AIC-based analyses make decisions based on rules of thumb about ΔAIC values or AIC weights, which are in turn based on extensive simulation analysis. The results do not have probabilistic or “statistical significance” interpretations (which may be a good thing). In some theoretical situations (i.e., when sample sizes grow large but the set of candidate models remains fixed), AIC is known to “overfit” data by choosing an inappropriately complex model. Researchers hotly debate the practical relevance of this issue (Spiegelhalter et al., 2002; Burnham and Anderson, 2004; Link and Barker, 2006).

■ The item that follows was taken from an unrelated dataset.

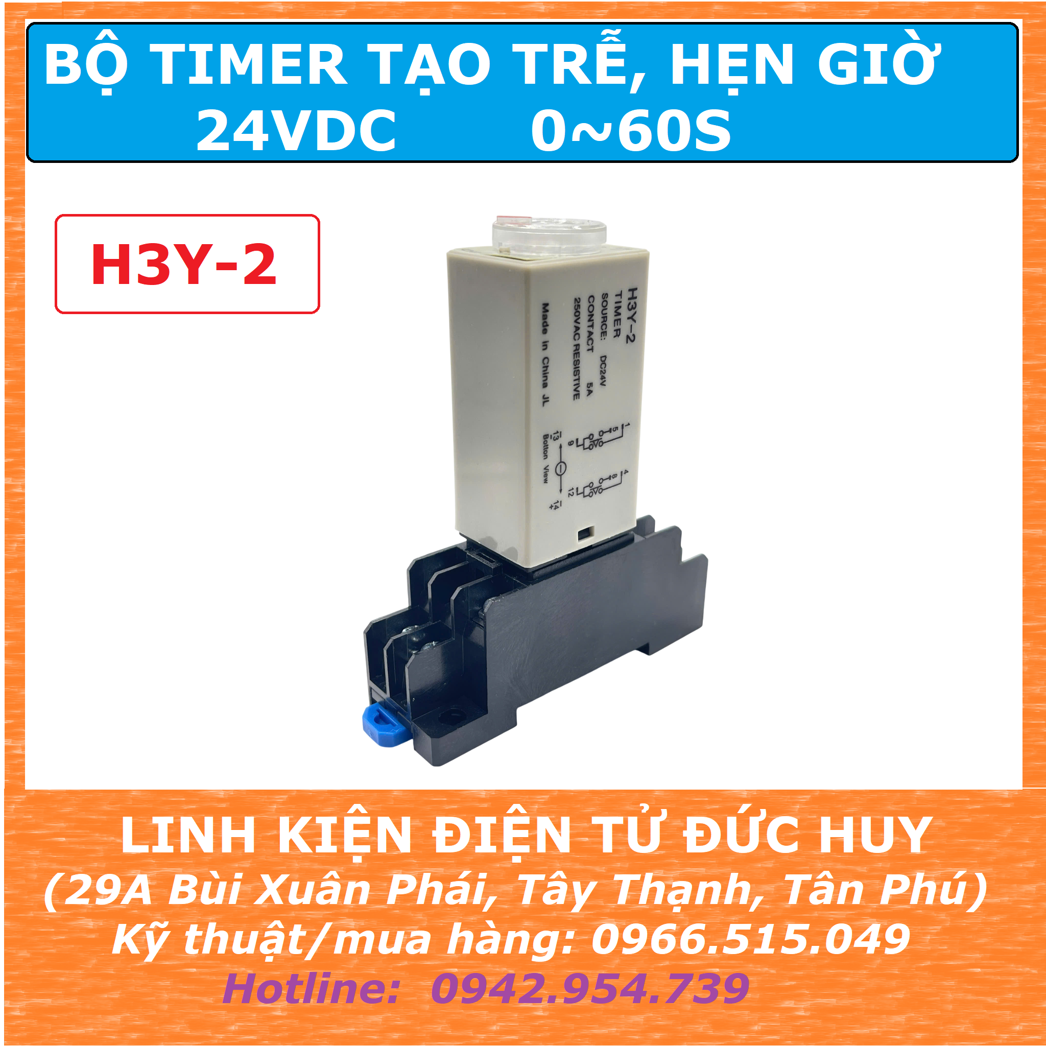 Bộ timer hẹn giờ, tạo trễ 24VDC 0-60S H3Y-2 (đã bao gồm đế) thuộc loại rơ le thời gian bán dẫn, có kích thước nhỏ gọn, phù hợp với nhiều ứng dụng công nghiệp với các dải thời gian va điện áp khác nhau. Bộ Relay timer H3Y-2 được sử dụng trong: Công nghệ chế tạo, luyện kim, điện tử, giấy và in bao bì, đúc nhựa, sản xuất gỗ, các loại dây chuyền sản xuất công nghiệp,....

• Bayesian (marginal likelihood, BIC, DIC) approaches are philosophically satisfying since they allow us to state results in terms of posterior probabilities of different models. The selection criteria (posterior probabilities) depend on the number of the parameters and on the sample size, which seems sensible. However, Bayesian approaches are also challenging to apply. Marginal likelihood is hard to calculate in a stable way; BIC is an approximation to the marginal likelihood that applies when sample sizes are large and the priors are vague (AIC is similarly an approximation to a marginal likelihood with a fairly strongly informative prior). For reasonable sample sizes, BIC will be more conservative than AIC; whether this conservatism is appropriate is still a matter of deep contention. Some researchers cannot accept a method that gives the wrong answer in the limit of large amounts of data, while others are more concerned with the performance of the method in the more realistic, data-limited case.^*

DIC is promising but continues to be controversial among statisticians. According to Spiegelhalter et al. (2002, p. 613), it is “a Bayesian analogue of AIC, with a similar justification but wider applicability.” It is similar to AIC in its large-sample behavior. DIC is likely to become increasingly popular among ecologists since it is implemented in WinBUGS. Bayesian approaches are also sensitive to the priors used: one may not be able to get away with the common practice of setting a vague prior and forgetting about it.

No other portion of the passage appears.